TRY IT: For this exercise, print the listing below exactly, without its pictures.

DATA BLOCK:
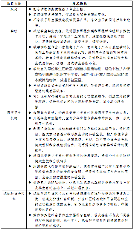 个体、家庭、学校、医疗卫生机构、媒体和其他社会团体等各界力量要主动参与建设有利于学生脊柱健康的社会环境。家庭和学校依据国家相关政策和标准要求,减轻学生学业负担,创造友好护脊环境;医疗卫生机构积极推广和普及脊柱弯曲异常的筛查技能;媒体和社区加大相关标准和知识宣传力度,创建支持性社会环境。
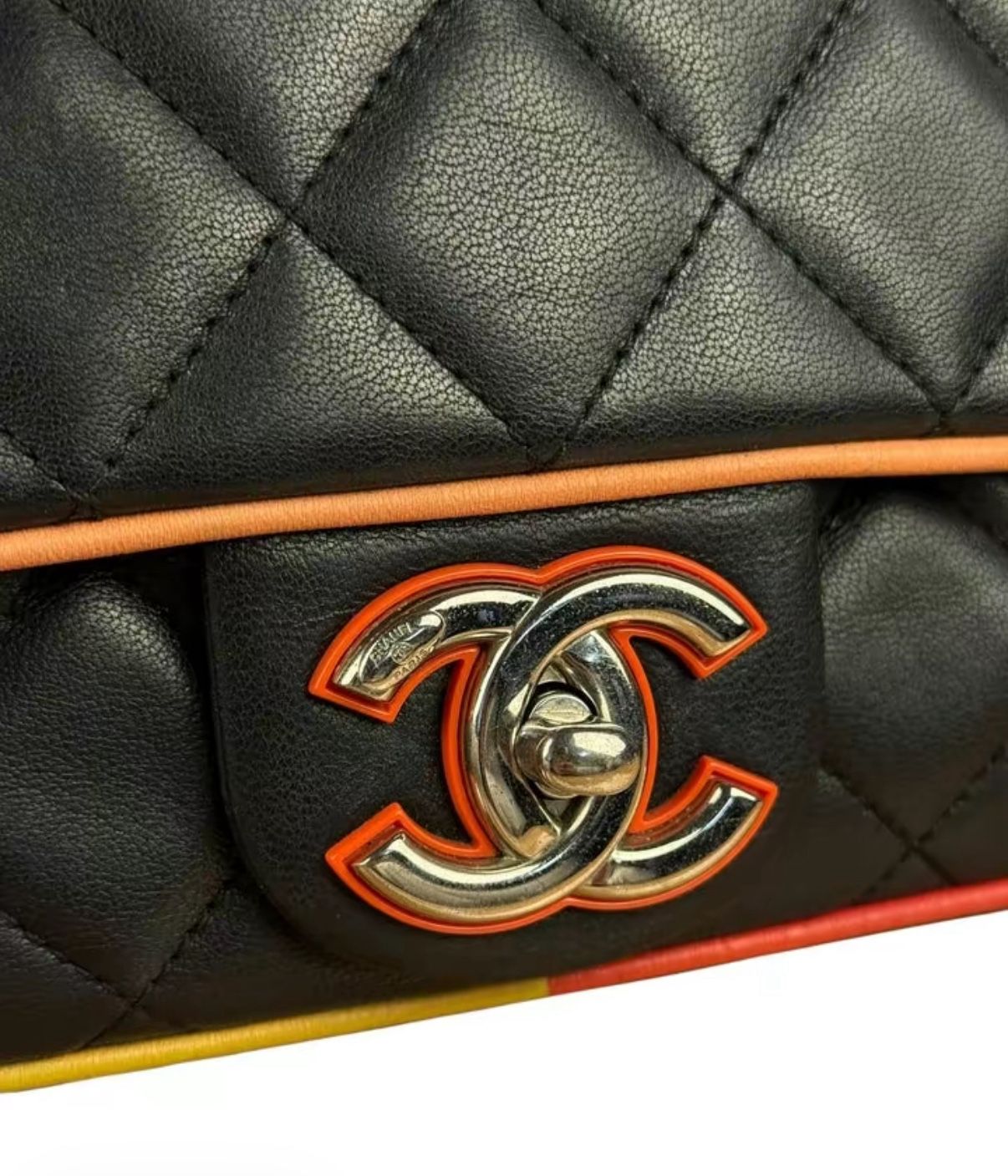 This vintage CHANEL Cuba Medium Single Flap Bag exemplifies bold sophistication with its black quilted lambskin leather, striking multicolor leather trim, and distinctive silver-tone plexiglass hardware. In very good condition, this beautifully preserved piece features a versatile convertible chainlink strap and practical exterior pocket, complemented by a refined black interior. Whether you're attending a glamorous evening event, enjoying an upscale dinner, or seeking to make a statement at social gatherings, this unique CHANEL creation brings authentic luxury and artistic flair to any ensemble whilst celebrating the brand's innovative design approach. Show more • Black quilted lambskin with multicolour leather trim • Silver-tone and multicolour plexiglass hardware • Convertible chain-link shoulder strap • Exterior back pocket and one interior zip pocket • Black lining • Vintage
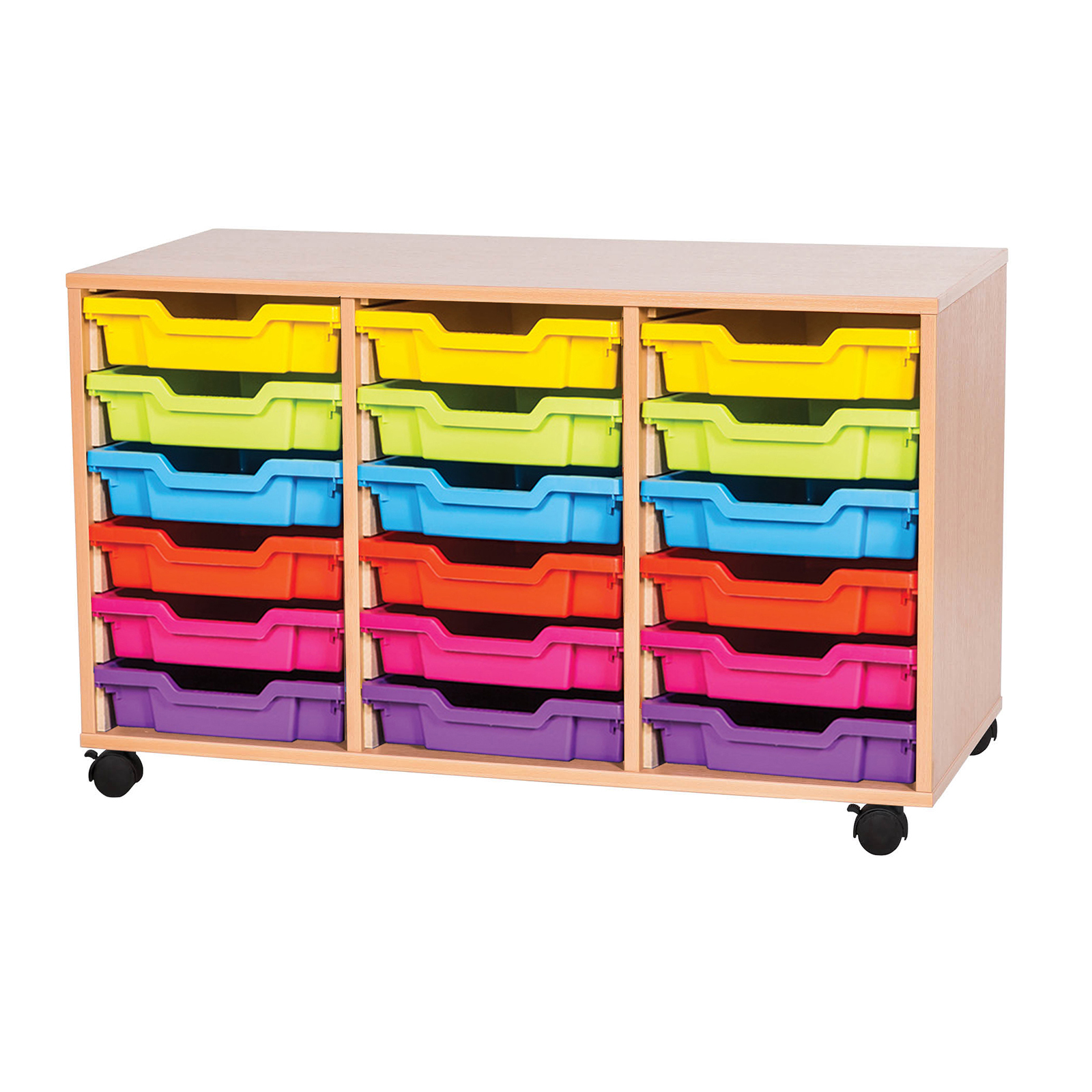 This tray storage unit can store up to 18 plastic storage trays across its three columns.

PROBLEM SOLUTION:
 个体、家庭、学校、医疗卫生机构、媒体和其他社会团体等各界力量要主动参与建设有利于学生脊柱健康的社会环境。家庭和学校依据国家相关政策和标准要求,减轻学生学业负担,创造友好护脊环境;医疗卫生机构积极推广和普及脊柱弯曲异常的筛查技能;媒体和社区加大相关标准和知识宣传力度,创建支持性社会环境。
 This vintage CHANEL Cuba Medium Single Flap Bag exemplifies bold sophistication with its black quilted lambskin leather, striking multicolor leather trim, and distinctive silver-tone plexiglass hardware. In very good condition, this beautifully preserved piece features a versatile convertible chainlink strap and practical exterior pocket, complemented by a refined black interior. Whether you're attending a glamorous evening event, enjoying an upscale dinner, or seeking to make a statement at social gatherings, this unique CHANEL creation brings authentic luxury and artistic flair to any ensemble whilst celebrating the brand's innovative design approach. Show more • Black quilted lambskin with multicolour leather trim • Silver-tone and multicolour plexiglass hardware • Convertible chain-link shoulder strap • Exterior back pocket and one interior zip pocket • Black lining • Vintage
 This tray storage unit can store up to 18 plastic storage trays across its three columns.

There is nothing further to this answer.